“Pero también tenían que confiar entre ellos. Rema, ocupada en los quehaceres de adentro, sabía bien lo que pasaba en la planta baja y arriba. Otras veces eran los chicos que traían la noticia al Nene o a Luis. No porque vieran nada, pero si don Roberto los encontraba afuera les marcaba el paradero del tigre y ellos volvían a avisar.”
Julio Cortázar, Bestiario.
Cada noche, hacia las nueve y media, cuando se ha terminado la sopa y los dientes están lavados, el pijama puesto, el uniforme preparado sobre un sillón, mamá les da las buenas noches, ellos la besan y rezan un rato, como les han enseñado, y después esperan a que ella apague la luz.
Cuando ambos están seguros de que ya no va a volver, la niña sale de su cama y se dirige hacia la de su hermano. Después, esconde la cabeza bajo el edredón. Todas las noches ocurre lo mismo, y todas, todas, ella lo vuelve a sentir.
–Tengo miedo –dice.
Y su hermano contesta:
–Lo sé. No pasa nada. Lo sé.
Entonces un brazo rodea su cuerpo, una mano le acaricia el pelo, una pierna le hace cosquillas en los pies. Y ella se cuestiona, cada noche lo hace, si de verdad ese que está ahí es su hermano, si no será otra cosa, otro a quien temer.
Por la mañana, durante el desayuno, pregunta:
–¿Vosotros creéis en los monstruos?
El hermano se burla de ella. La madre dice que sí.
–Pero están lejos –jura. –Todos.
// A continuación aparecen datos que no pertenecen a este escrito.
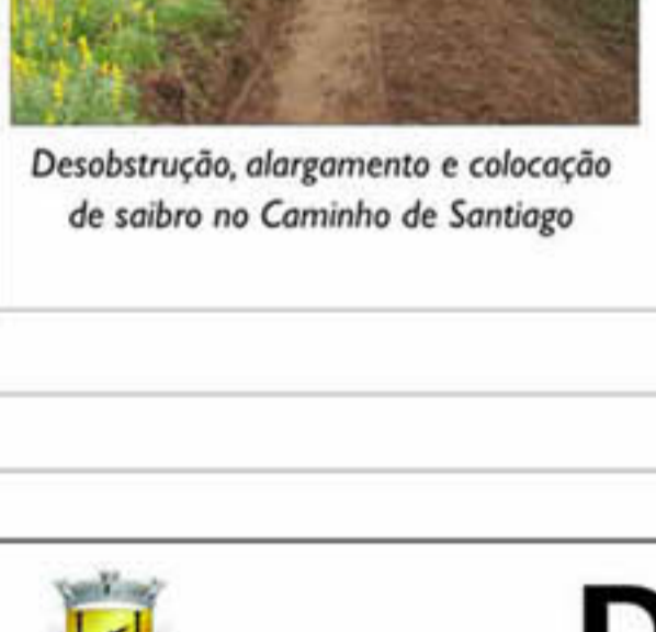
Desobstrução, alargamento e colocação de saibro no Caminho de Santiago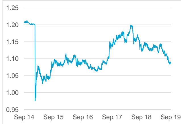
EUR / CHF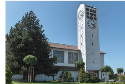
Katholische Kirche Amriswil Alleestrasse 17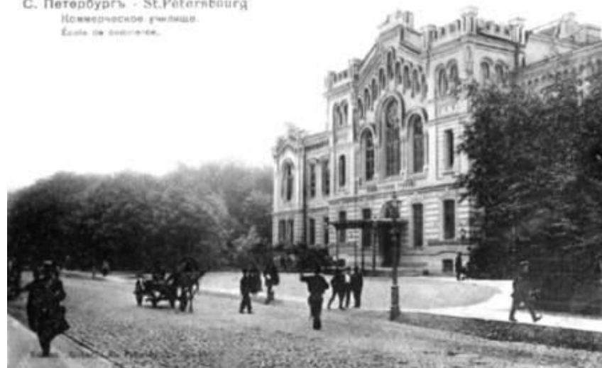
С. Петербургъ - St. Pétersbourg Коммерческое училище. Еще до постройки.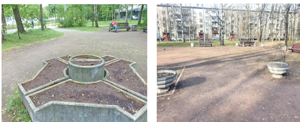
Так выглядели скверы на пр. Науки, д. 41, и на Гражданском пр., д. 25, до того, как территорию округа начали приводить в порядок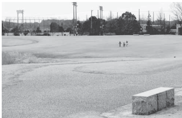
犬フンの後始末を

建設部長 中部公園施 設の被害は足元灯の照明 器具14基が壊されました。 警察へ被害届を提出し、 夜間パトロールの強化を お願いしました。また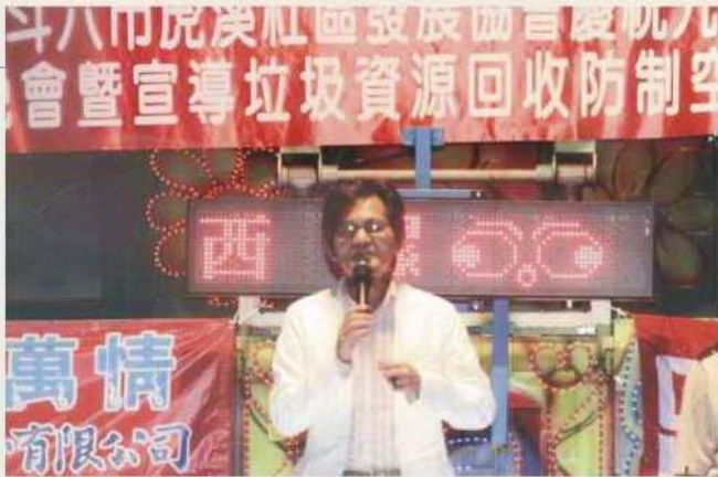
虎溪社區發展協會 母親節表揚暨社區教育宣導活動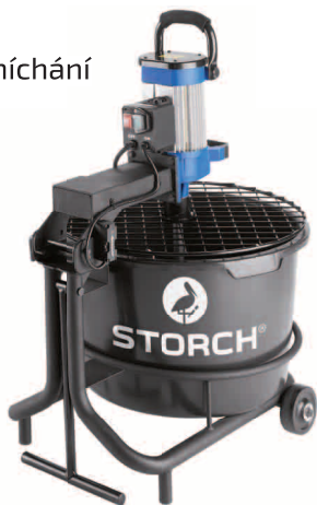
obj. č. 64 55 00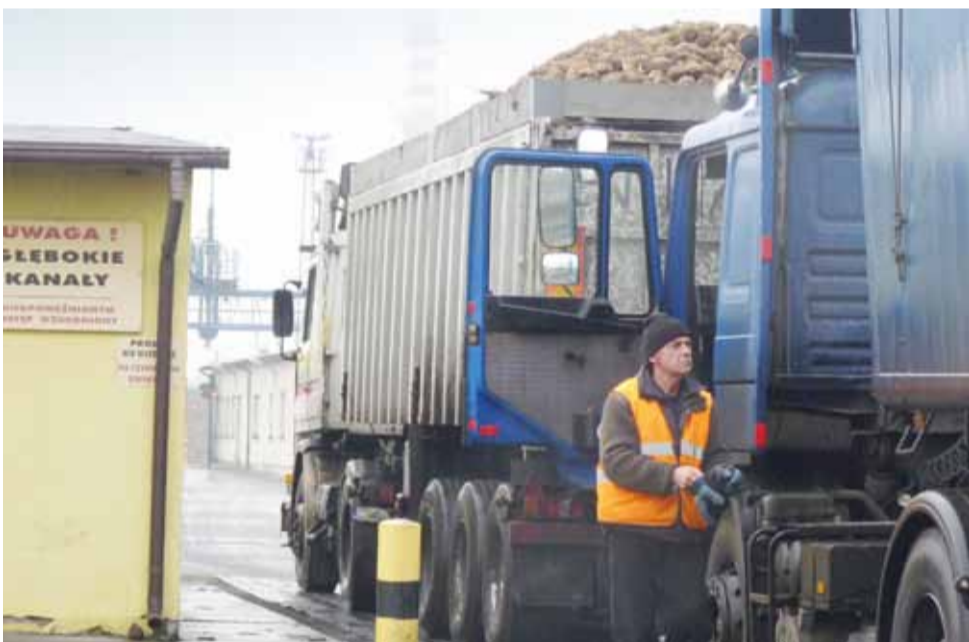
Od kilku lat buraki do cukrowni Dobrzelin są zwożone przez wyspecjalizowane firmy, według ustalonych harmonogramów.

sza, z biura prasowego Grupy Energa. Dlaczego ten urzędnik takie polecenie wydał, czy wiedział o tym burmistrz, oraz czy oświetlenie zostanie przywrócone – chcieliśmy zapytać burmistrza, ale do chwili zamykania tego numeru NE nie znalazł dla nas czasu. dag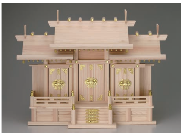
No.700-160 神棚 屋根違い三社 (大) 材質/檜 74.0 × 27.0 × H54.0cm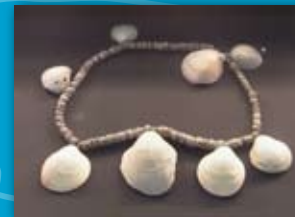
Collar de conchas Glycymeris sp. Serra Grossa ( Alicante ) Edad del Bronce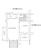
PIANO TERRA H = 2.70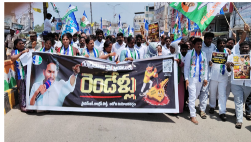
ఆదోని వీధిలో ప్రజా గర్జన ప్రభుత్వానికి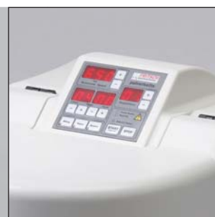
Практично: пленочная клавиатура с возможностью управления при закрытой мельнице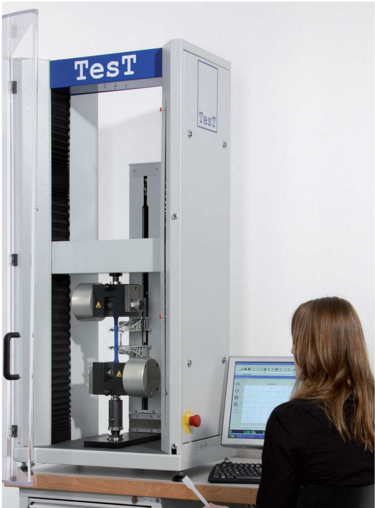
Modèle 112.50kN avec mors pneumatique et extensomètre automatique

Machine d'essai universelle modèle 112 – capacité de 5 à 100kN – modèle de table

No pueden llegar hasta aquí.
Ella no la cree.
Durante todo el día se arrastra cansada, es incapaz de atender en clase, la profesora le pide la tarea y ella dice que no la pudo hacer.
Después la tarde cae de nuevo, el hermano y ella cenan en silencio, se lavan los dientes, las manos, es hora de ir a dormir.
Con las luces apagadas, enterrados ambos bajo la misma manta, esta vez se atreve. Se lo dice a él:
–¿Cómo sé que eres tú? –Pregunta. –Si no te puedo ver.
En el silencio de la noche, ella sabe que él sonríe.
–¿Alguien más sabe que en primero robaste a mamá su pañuelo y el perfume aquél?
La niña niega con la cabeza, en silencio, pero no se acaba de fiar.
El hermano vuelve a intentarlo. Pero esta vez:
–A mí también me da miedo. Mamá está mejor sin él.
Ella se sienta en la cama. Abre los ojos cuanto puede, pregunta:
–¿De verdad lo crees?
Porque la ha visto llorar por las noches, sola, y sabe que está asustada, a veces se encierra en el baño para que no la puedan ver.
–En casa está tranquila.
–Pues yo la veo asustada. Y tengo miedo de vivir sin él.
El hermano también se incorpora. Tantea con la mano el cajón de su mesita de noche. Encuentra una linterna. Después se hace la luz.
–No lo estarás diciendo en serio.
–Al menos él nos protegía, estaban enamorados. Ahora ya no sé.
Él sale de la cama, se acerca a la ventana y mira hacia el exterior.
–Me alegro de que se largara. Y de que no pueda venir. No era amor. Mamá me lo ha explicado bien. Cuando tenga una mujer, te juro que no seré como él.
–Pero y si vienen los monstruos.
–¿Qué monstruos? De lo que hay que tener miedo es de que ella le deje volver.